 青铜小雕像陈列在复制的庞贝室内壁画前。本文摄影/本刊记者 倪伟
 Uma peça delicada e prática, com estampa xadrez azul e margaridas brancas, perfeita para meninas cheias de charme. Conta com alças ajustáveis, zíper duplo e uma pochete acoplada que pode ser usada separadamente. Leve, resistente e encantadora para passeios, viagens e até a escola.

* * *

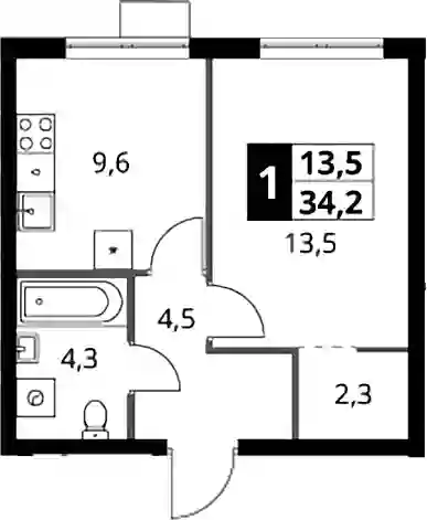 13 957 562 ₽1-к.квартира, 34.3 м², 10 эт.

_What you should do:_
Using the data above, extract exactly the lines from the one that holds "青铜小雕像陈列在复制的庞贝室内壁画前。本文摄影/本刊记者 倪伟" to the one that holds "Uma peça delicada", both ends included, and no others.

_Answer box:_
 青铜小雕像陈列在复制的庞贝室内壁画前。本文摄影/本刊记者 倪伟
 Uma peça delicada e prática, com estampa xadrez azul e margaridas brancas, perfeita para meninas cheias de charme. Conta com alças ajustáveis, zíper duplo e uma pochete acoplada que pode ser usada separadamente. Leve, resistente e encantadora para passeios, viagens e até a escola.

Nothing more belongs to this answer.